Just recently, Dangote Industries Limited sold 2.3 per cent stake in Dangote Cement Plc to unknown foreign investors in a stock market deal valued at N86.1bn ($236m). Reuters reported that according to the Nigerian Stock Exchange, 416 million shares of Dangote Cement were sold at N210 each in six off-market deals negotiated between Stanbic IBTC and Meristem Stockbrokers.
Note that this is Africa’s biggest cement maker and it had been selling small stakes to increase its free float, which is well below the Nigerian Stock Exchange’s required level.
You might be wondering why Dangote Cement would sell its stakes, considering that not too long ago, it reported a 24.6 per cent rise in half-year pre-tax profit to N155.58bn.
Now, startups may sell their stakes because they want:
1. To balance risk
Despite how most startups are portrayed in the media, this is by far, the most common reason for their selling stakes. The alternative for not selling may mean bankruptcy, the team disbanding with no outcome, lack of productivity, or unhappiness for them.
A startup may want to diversify its portfolio and balance its risk going forward. And so, the sale of stakes gives it the security to try again. Hopefully this time, under less pressure, with more ideas, a safety net if it doesn’t work out, and the opportunity to skip rounds and keep more of the next attempt.

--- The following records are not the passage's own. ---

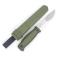 Livré dans un étui rigide qui passe à la ceinture, le manche de ce couteau et son étui sont de couleur kaki.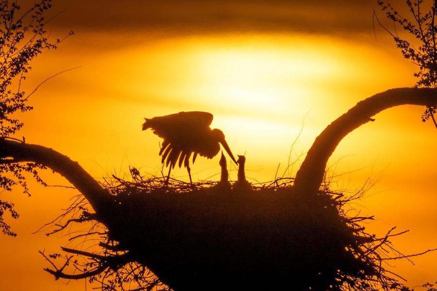 An oriental white stork feeds its babies in sunrise at the Zhalong National Nature Reserve, northeast China's Heilongjiang Province, May 18, 2025. (Photo by Wang Yonggang/Xinhua)Sun Lijuan combs a doll's hair inside her shop at the Yiwu International Trade Mart in Yiwu, east China's Zhejiang Province, May 20, 2025. Sun Lijuan is among the first merchants to utilize artificial intelligence (AI) for foreign trade at the Yiwu International Trade Mart in Yiwu, an international hub for the production and trade of small commodities. Her shop, Hongsheng Toys, sells lifelike dolls and plush toys to international customers. In recent years, the rapid development of AI has boosted her orders and helped reduce operational costs. With the help of AI, Sun is able to present product-selling videos in 36 different languages to global viewers. Even the mouth movements of speakers in the videos can be adapted in line with the pronunciation. (Xinhua/Han Chuanhao)A farmer checks the growth of wheat in Yulong Naxi Autonomous County in Lijiang City, southwest China's Yunnan Province, May 21, 2025. The traditional Chinese solar term Xiaoman (Grain Buds) falls on May 21 this year. (Photo by Zhao Qingzu/Xinhua)A drone photo taken on May 20, 2025 shows the scenery at the salt lake in Yuncheng, north China's Shanxi Province. (Xinhua/Zhan Yan)An aerial drone photo taken on May 20, 2025 shows workers of State Grid Anhui Electric Power Co., Ltd. installing a camera near the nest of oriental white storks in Huoqiu County, east China's Anhui Province. In early May this year, workers discovered a nest of oriental white stork, a migratory bird under first-class state protection, on the newly-built transmission tower. The State Grid Anhui Electric Power Co., Ltd. has installed high-definition cameras near the nest, assigned designated staff to track and protect the oriental white storks, and postponed the construction progress according to the breeding timeline of the storks. (Photo by Zhao Xianfu/Xinhua)A drone photo shows a car racing during Stage 1 of the 2025 Taklimakan Rally in Wensu County, Aksu Prefecture, northwest China's Xinjiang Uygur Autonomous Region, May 21, 2025. (Xinhua/Hu Xingyu)French actor Daniel Auteuil poses during a photocall for the film "Vie privee" at the 78th edition of the Cannes Film Festival in Cannes, southern France, on May 21, 2025. (Xinhua/Gao Jing)A woman wearing a floral headdress attends the RHS (Royal Horticultural Society) Chelsea Flower Show in London, Britain, on May 20, 2025. The annual show opened to the public here on Tuesday. (Xinhua/Li Ying)Ultra-Orthodox Jews harvest wheat as part of an annual ritual ahead of the Jewish holiday of Shavuot, in a field near Jerusalem on May 20, 2025. (Xinhua/Chen Junqing)Wang Chuqin checks his racket before the mixed doubles round of 32 match between Wang Chuqin/Sun Yingsha of China and Hugo Calderano/Bruna Takahashi of Brazil at ITTF World Table Tennis Championships Finals Doha 2025 in Doha, Qatar, May 19, 2025. (Xinhua/Xiao Yijiu)■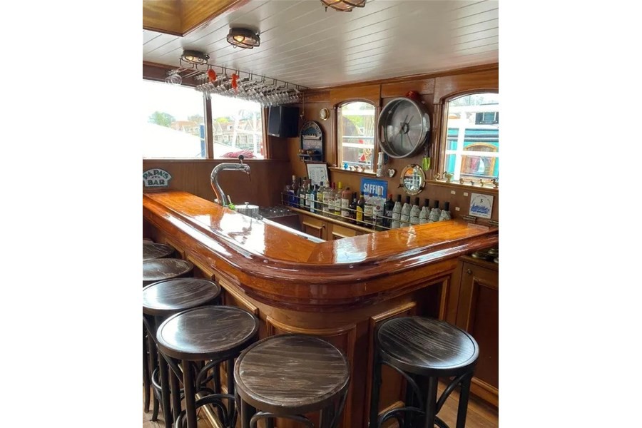 Benedendeks vindt u een royale, lichte salon met comfortabele zitplaatsen en een sfeervolle bar. De indeling maakt het eenvoudig om met de hele groep samen te komen voor een lunch, borrel of presentatie. Dankzij de open en uitnodigende inrichting voelt het schip als een drijvende ontmoetingsplek waar gesprekken vanzelf op gang komen. De professionele kombuis maakt uiteenlopende cateringmogelijkheden mogelijk: van koffie met gebak tot een uitgebreide lunch of borrelarrangement. Alles wordt afgestemd op de wensen van uw gezelschap en de aard van uw evenement.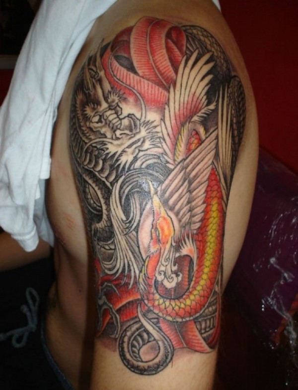 男子手大臂膀上的龙凤纹身图案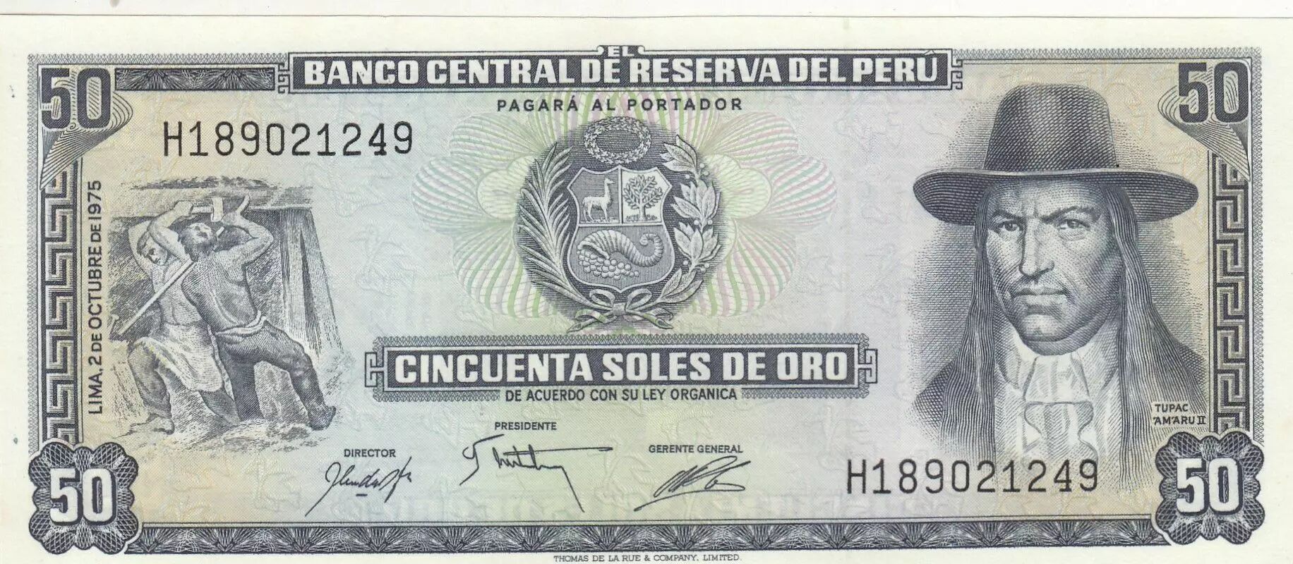 Accueil > Archivage > archivage-Billets du Monde > Pérou 50 Soles - Tupac Amaru II - 02-10-1975 - Série H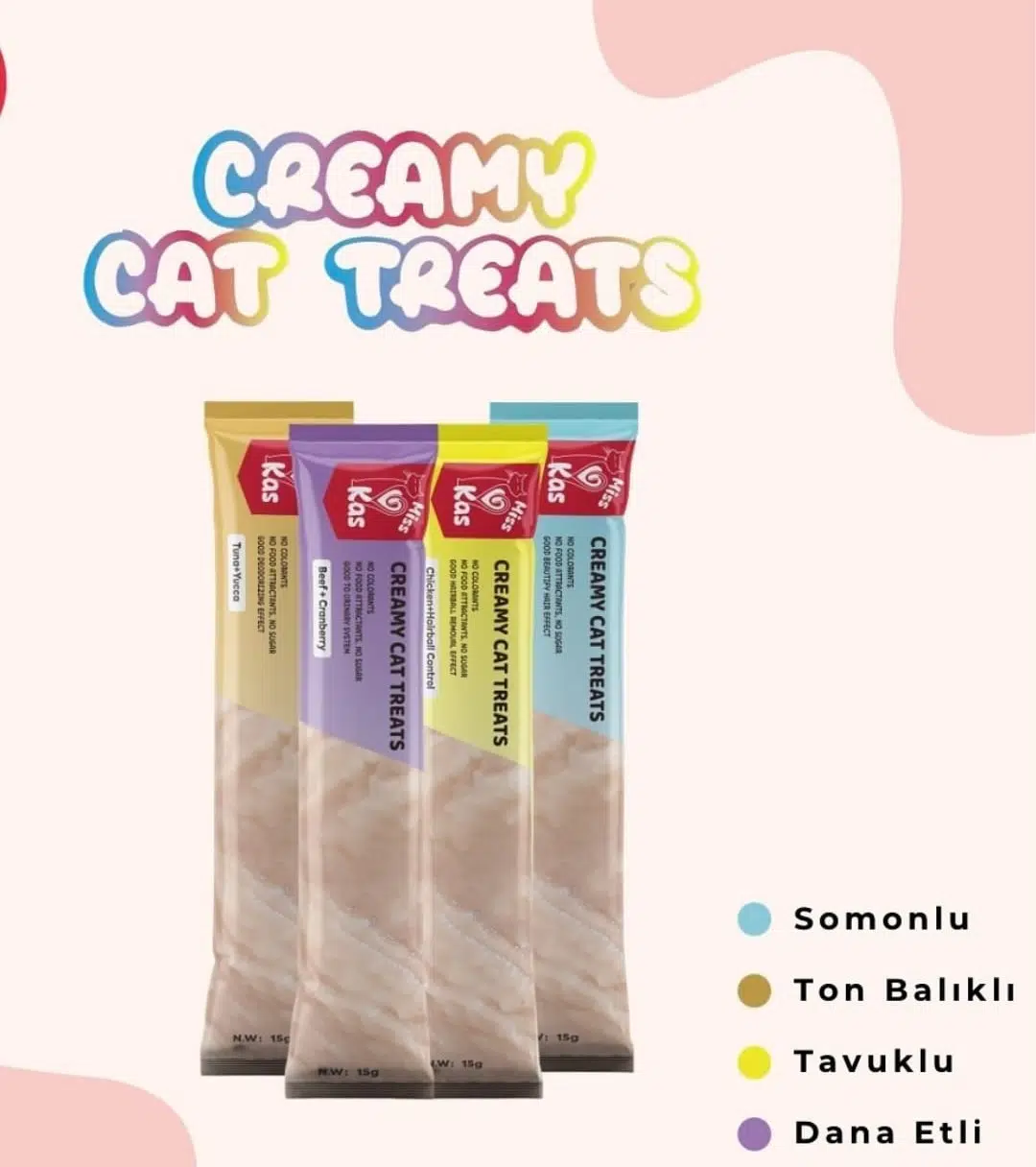 EtiketlerMiss Kas Kedi Ödül Maması (Somonlu, Tavuklu, Dana Etli, Ton Balıklı) 15g x 20 Adet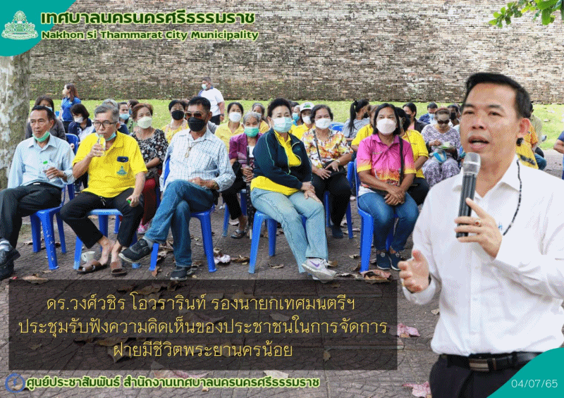 ดร.วงศ์วชิร โอวรารินท์ รองนายกเทศมนตรีนครนครศรีธรรมราช ประชุมรับฟังความคิดเห็นของประชาชนในการจัดการฝายมีชีวิตพระยานครน้อย |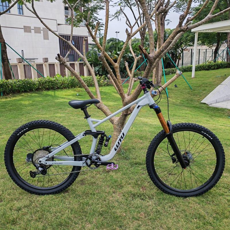 Vélo de montagne à cadre en acier et suspension souple avec freins à disque 12 vitesses, roues de 27,5/29 pouces pour la descente hors route, pédales ordinaires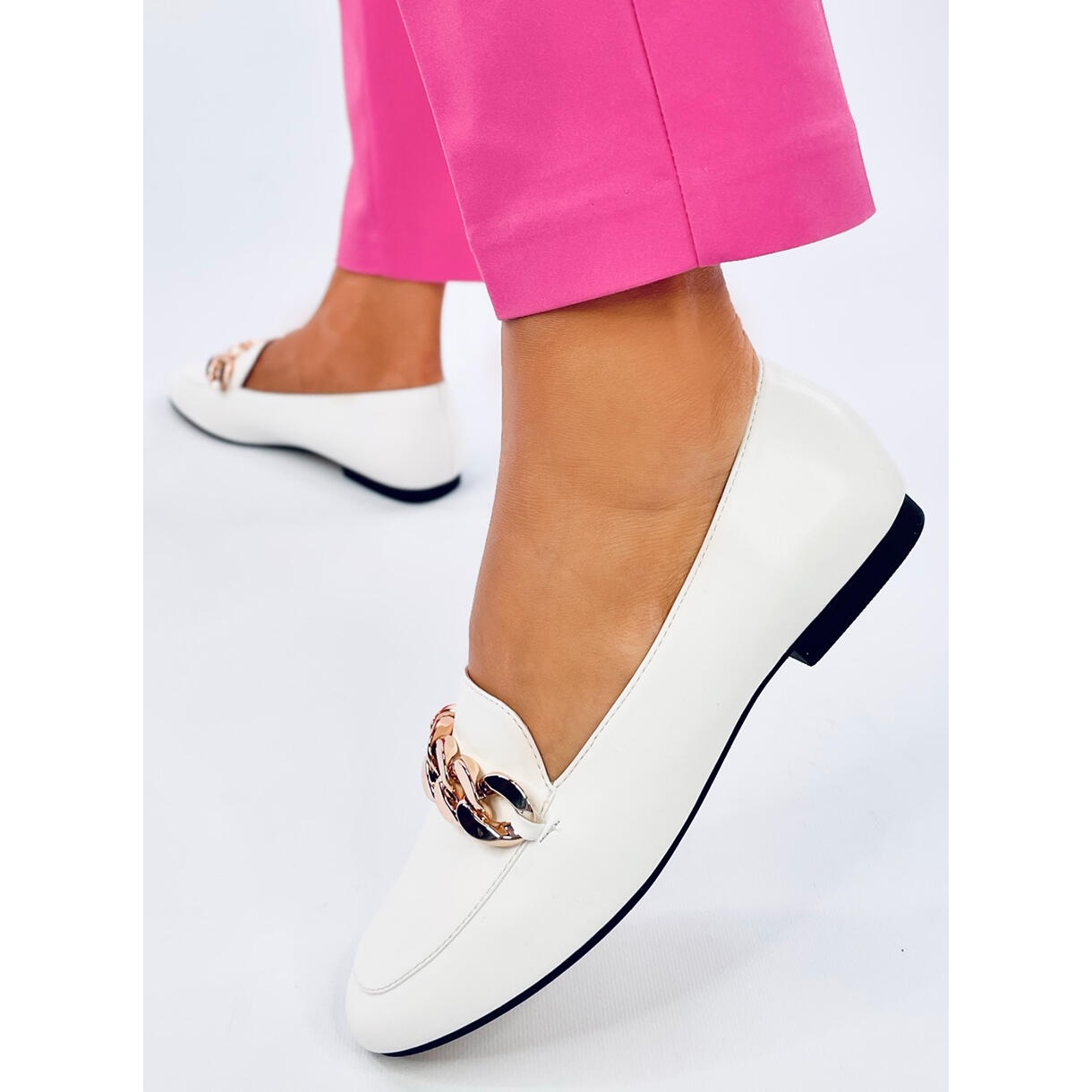 Mocasinii albi cu lanț sunt o adevărată perlă printre încălțămintea de damă, combinând eleganța, stilul și confortul la purtare. Mocasinii de dama prezentati nu au doar un design atemporal, ci se potrivesc si celor mai noi tendinte datorita adaugarii unui lant. Acest accent de bun gust conferă încălțămintei un caracter unic, făcându-l o completare atractivă atât pentru stilurile de zi cu zi, cât și pentru cele mai sofisticate.

Yes, you could keep going with the way things are, but young companies die all the time from competition, cash burn, changes in the marketplace, capital environment killing the IPO, and so on.
2. Short-term reward
The startup may be doing great, but the short-term reward on the offer is significantly greater than the perceived long-term value from not selling.
Economic forces are at play here. In the absence of restrictions or barriers, capital flows will be at its highest potential. In other words, startups are lured by the opportunity to sell stake to enjoy the fruits of their labour, and pursue fresh opportunities that are remunerative.
This could also help them setup their own investment vehicles/family office/investment fund to manage the fortunes amassed from the success of their business venture.
Sometimes, transfer of stakes may be for better tax planning. Generally, it means anticipating higher taxes on capital gains in the future, and avoiding paying more money to the government.
Finally, when considering selling your startup stakes, get as much advice as possible. Understand what the amount of stake is, in relation to the overall capital as it exists today.
In addition, find out: Is the company going to ask you for certain rights – a right of first refusal, a drag along right, a requirement to vote alongside the founders on certain things? Do you want to create some kind of redemption mechanism so if the shares are not worth anything after X period of time, you can get paid in cash? Clarify these things well before hand.